◆ **EXCERPTED DATA**:

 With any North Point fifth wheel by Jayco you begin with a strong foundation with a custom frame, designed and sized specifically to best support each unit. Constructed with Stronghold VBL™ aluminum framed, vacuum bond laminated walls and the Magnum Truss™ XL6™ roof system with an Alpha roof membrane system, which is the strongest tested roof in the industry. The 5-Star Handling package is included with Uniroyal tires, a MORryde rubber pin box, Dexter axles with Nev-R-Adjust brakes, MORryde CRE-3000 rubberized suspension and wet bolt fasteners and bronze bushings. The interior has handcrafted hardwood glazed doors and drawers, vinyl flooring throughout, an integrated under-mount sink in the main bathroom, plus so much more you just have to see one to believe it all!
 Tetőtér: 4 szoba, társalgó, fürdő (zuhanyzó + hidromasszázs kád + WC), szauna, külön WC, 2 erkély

---

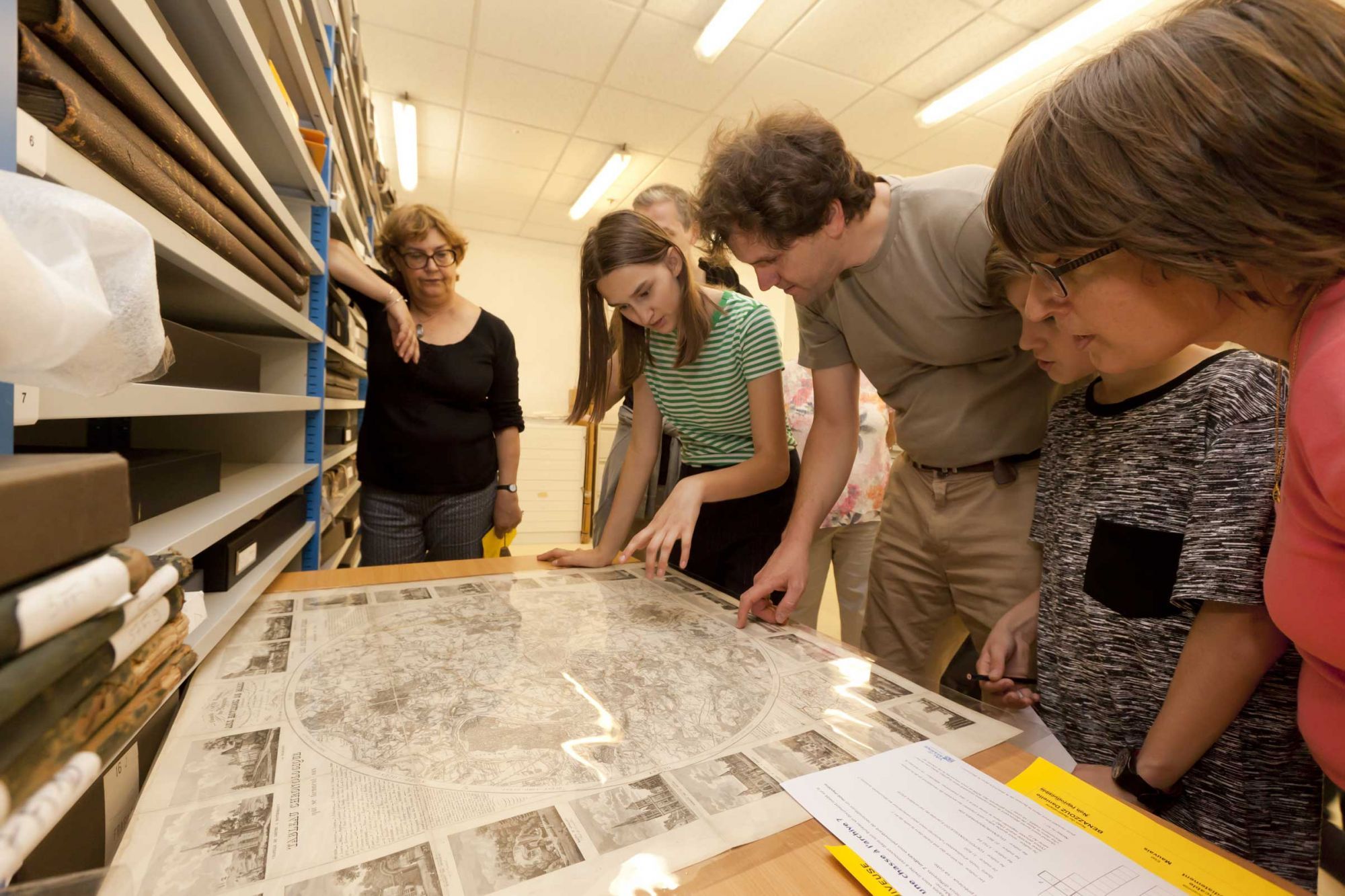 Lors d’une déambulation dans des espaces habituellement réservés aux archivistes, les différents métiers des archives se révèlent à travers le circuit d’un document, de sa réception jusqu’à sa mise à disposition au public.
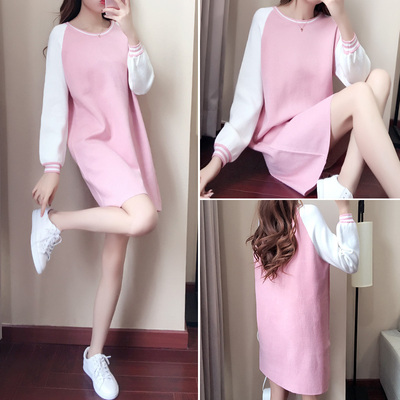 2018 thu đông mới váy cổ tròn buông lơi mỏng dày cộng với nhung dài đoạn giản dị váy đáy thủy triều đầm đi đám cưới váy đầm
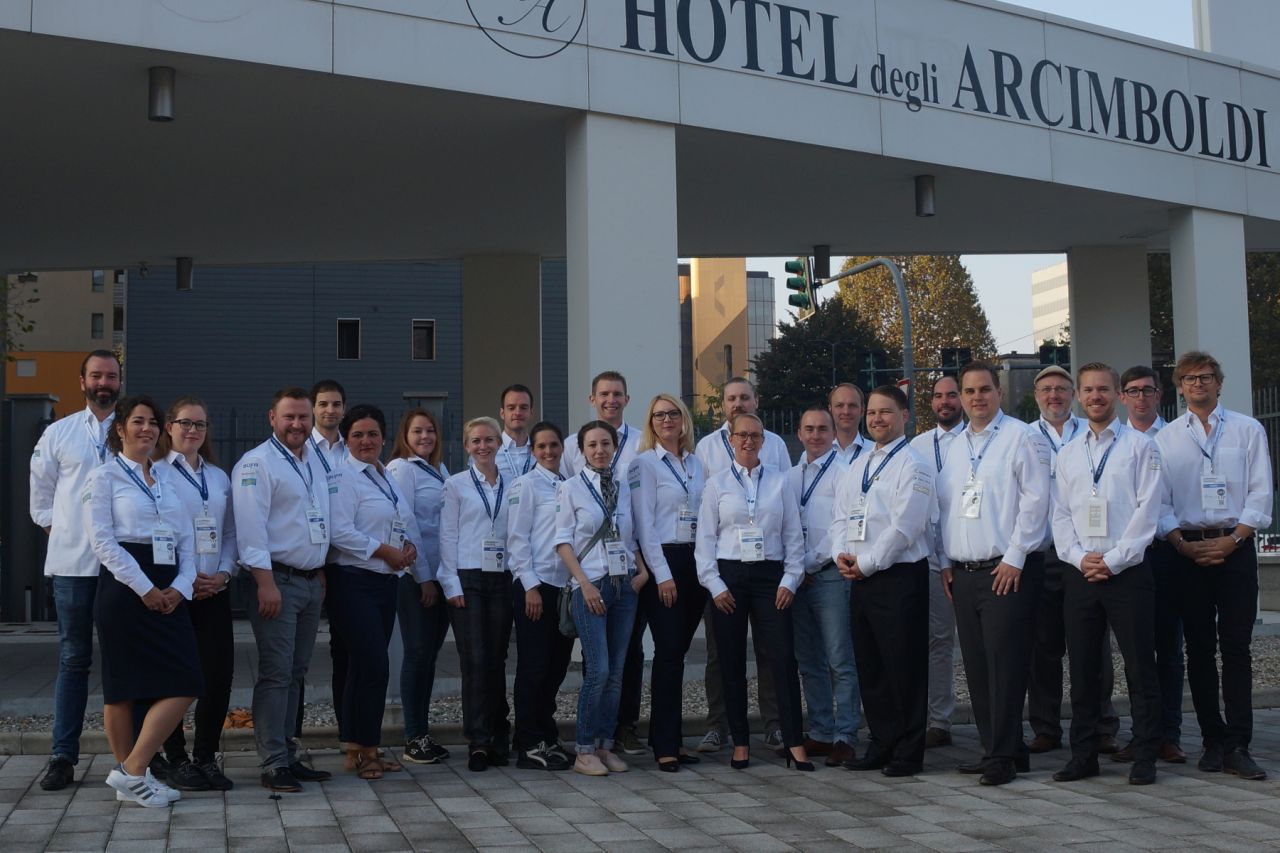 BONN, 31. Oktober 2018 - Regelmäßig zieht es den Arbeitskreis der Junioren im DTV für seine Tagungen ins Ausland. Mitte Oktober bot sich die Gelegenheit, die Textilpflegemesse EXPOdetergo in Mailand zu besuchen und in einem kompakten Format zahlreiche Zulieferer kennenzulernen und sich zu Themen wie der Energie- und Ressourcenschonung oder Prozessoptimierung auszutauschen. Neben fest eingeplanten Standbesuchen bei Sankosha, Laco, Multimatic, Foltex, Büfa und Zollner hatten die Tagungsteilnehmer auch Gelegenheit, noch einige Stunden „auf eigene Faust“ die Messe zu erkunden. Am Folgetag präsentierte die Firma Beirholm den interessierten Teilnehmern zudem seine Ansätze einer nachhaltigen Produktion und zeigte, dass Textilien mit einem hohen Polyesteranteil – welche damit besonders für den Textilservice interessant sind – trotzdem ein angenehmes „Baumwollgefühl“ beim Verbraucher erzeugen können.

◆ **WORK ORDER**: Print the part of the listing above that opens with the line containing "2018 thu đông" and closes with the line containing "BONN, 31. Oktober". Copy it exactly, both ends included, and omit the pictures.

◆ **TASK RESULT**:
 2018 thu đông mới váy cổ tròn buông lơi mỏng dày cộng với nhung dài đoạn giản dị váy đáy thủy triều đầm đi đám cưới váy đầm
 BONN, 31. Oktober 2018 - Regelmäßig zieht es den Arbeitskreis der Junioren im DTV für seine Tagungen ins Ausland. Mitte Oktober bot sich die Gelegenheit, die Textilpflegemesse EXPOdetergo in Mailand zu besuchen und in einem kompakten Format zahlreiche Zulieferer kennenzulernen und sich zu Themen wie der Energie- und Ressourcenschonung oder Prozessoptimierung auszutauschen. Neben fest eingeplanten Standbesuchen bei Sankosha, Laco, Multimatic, Foltex, Büfa und Zollner hatten die Tagungsteilnehmer auch Gelegenheit, noch einige Stunden „auf eigene Faust“ die Messe zu erkunden. Am Folgetag präsentierte die Firma Beirholm den interessierten Teilnehmern zudem seine Ansätze einer nachhaltigen Produktion und zeigte, dass Textilien mit einem hohen Polyesteranteil – welche damit besonders für den Textilservice interessant sind – trotzdem ein angenehmes „Baumwollgefühl“ beim Verbraucher erzeugen können.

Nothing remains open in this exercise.